Арина Федотовна одобрительно рассмеялась:

– Да ежели я тебя именно вот такою и люблю видеть, когда в тебе черти разыграются? А уж овцою… не смотрели бы мои глаза!.. и-ну-с… так, значит, – в конце концов – опять подошло мне возиться с нещечком этим? Ах, пропади он пропадом, красноносый! Вот уж подарила бы знакомому чёрту, да совестно: назад приведет… Но – каков сукин сын, Витенька? а? каков? Приехал – как праведник. Воды не замутит. Хоть бы глазом сфальшивил, хоть бы не то, что словом ошибся, голосом скозлил… А ты говоришь: может быть, и не враг! Нет, душенька, уж ты мне поверь: он все два месяца тем жил, что обдумывал, какую бы пакость сочинить… Ну, а, за то, уж теперь я его, голубчика, извини, почтенный, приструню…

И, подумав, прибавила:

– Меняются времена-то. Помнишь, как я была против того, что ты ему позволила жить в Правосле и кормить его велела. Самим жрать нечего, – а тут еще фрукт с волчьей пастью. А вот, сейчас – нахожу, что все обращается к лучшему. Раз уж ты осведомила его насчет Фенички, то, конечно, теперь надо его пришпилить к Правосле. Глаза своего я не спущу с него, милого. Разве, что сама раньше окачурюсь, а то слово даю: отныне его из-под моего надзора, в самом деле, только под холстиною вынесут…

– Слушай, – остановила ее хмурая Виктория Павловна, ты, все-таки, уж не очень…

– Уж как умею! – презрительно фыркнула в ответ скифская идолица. – Я не барышня, у которой в голове питерские мысли играют и язык с привязи некстати срывается. Мужчинским подлостям не потатчица.

Виктория Павловна не ответила на этот попрек, а, в нервном движении, сжимая по очереди руку рукою, расшвыривая камешки носком правой ноги и крепко упираясь всем корпусом на левую, говорила:

– Как ни как, но он Феничкин отец…

– За то и кайся! – отрубила Арина Федотовна.

– Ну, я эту твою паучью логику, по которой самка уничтожает самца за то, что он ее сделал матерью, – понять могу – принять не в состоянии… Так ты уж, пожалуйста, все-таки… как-нибудь помягче…

– В вату заверну! – фыркнула Арина Федотовна, но, видя, что Виктория Павловна очень расстроена, прибавила:

– Не беспокойся: слова дурного не услышит… Я, душенька, и без слов могу… Он помолчал со мною, – и я с ним помолчу… Да… И больше ничего: только помолчу вот…

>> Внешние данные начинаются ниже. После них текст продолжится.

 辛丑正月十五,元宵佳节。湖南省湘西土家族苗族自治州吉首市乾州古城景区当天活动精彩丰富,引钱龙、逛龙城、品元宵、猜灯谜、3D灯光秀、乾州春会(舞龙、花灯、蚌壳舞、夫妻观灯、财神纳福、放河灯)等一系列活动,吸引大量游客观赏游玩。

И она оправдала свое обещание, потому что, призвав Ивана Афанасьевича к объяснению, привела его в смущение и трепет именно тем, что к объяснению не приступала… А она, вполне насладившись его ужасом и молчаливым разглядыванием своим доведя его до трясучей лихорадки, наконец, отверзла вещие уста и протяжно возглаголала, как пролаяла:

– Отличаешься, соколик… хорош!.. Глядела бы не нагляделась, да нонче неколи: от Анисьи двор надо принимать… Приходи, душечка, об эту пору завтра: я на тебя, красавчика-умника, опять полюбуюсь.

Иван Афанасьевич стоял пред нею, с опущенною головою, как проворовавшаяся и ожидающая заслуженной порки собака и, право, даже, кажется, физически ощущал, что у него растет уже хвост, который так и хочется зажать между ног, и заскулить, с смертной тоски, жалобно-жалобно…

Возвратясь в черную баньку свою, он, в самом деле, свалился совсем больной, и, то пылая жаром, то трясясь, хоть и под шубкою, от лютого озноба, проклинал свое приключение, как некое дьявольское наваждение, вместе со всеми, истекавшими из него, честолюбивыми планами и мечтами…

– И бес ли понес меня на эту чепуху? Как будто я Арины не знал, Виктории Павловны не знал, себя не знаю? Ведь, очевидное же это дело было, что ничего очиститься тут мне не может, потому что я человек натурою больной, духом слабый и против них упорствовать не могу… Да и мне ли судьбу свою менять? куда? на что? Чего мне, старому дураку, надо? Какие и где чертоги могут быть для меня построены? Слава те, Господи, сыт, одет, обут, кровлю над головою имею, работою не нудят… Да, Господи же, чего мне еще? В самом деле, бес какой то меня обошел и мутит… Не дай Бог, выгонят меня, вышвырнут, – куда я пойду?.. На какие коврижки польстился, что вздумал над собственною головою крышу ломать, покоя себя лишать и этакую страсть на себя нажил?

Арина Федотовна, услыхав, что Иван Афанасьевич слег, пришла его проведать, – все такая же спокойная, грозная, загадочная и не словоохотливая. А Иван Афанасьевич, – едва наклонилась она над болезненным одром его, испытывая пронзительным оком, действительно ли он болен или ломает комедию, чтобы разжалобить, – вдруг, взревел, как бык, взвыл, как волк, запищал, как заяц, и стал ловить ее руки, поливая их горькими слезами и умоляя – больше не пугать его и простить, потому что у него душа не на месте, желудка в животе не стало, ног не чувствительно и во всем составе смерть.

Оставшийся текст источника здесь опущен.